■ WORK ORDER: Reproduce the following data exactly, minus any images.

■ MATERIAL PROVIDED:
#####
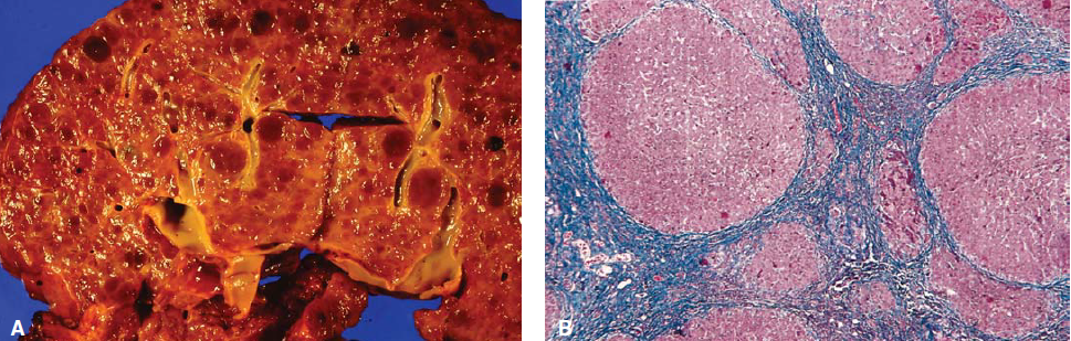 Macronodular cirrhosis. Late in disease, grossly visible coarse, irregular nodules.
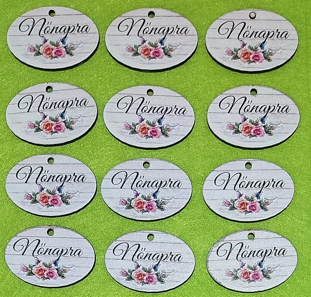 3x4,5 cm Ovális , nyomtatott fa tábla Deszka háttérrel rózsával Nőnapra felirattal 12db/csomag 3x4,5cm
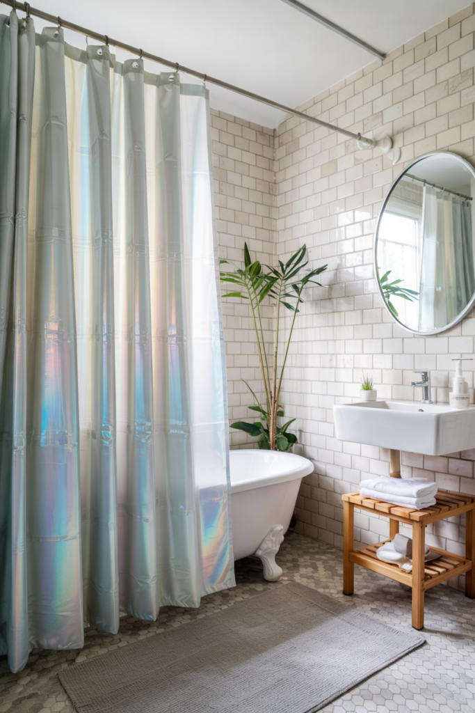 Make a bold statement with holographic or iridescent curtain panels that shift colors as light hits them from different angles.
#####
■ WRITTEN ANSWER:
 Macronodular cirrhosis. Late in disease, grossly visible coarse, irregular nodules.
 3x4,5 cm Ovális , nyomtatott fa tábla Deszka háttérrel rózsával Nőnapra felirattal 12db/csomag 3x4,5cm
 Make a bold statement with holographic or iridescent curtain panels that shift colors as light hits them from different angles.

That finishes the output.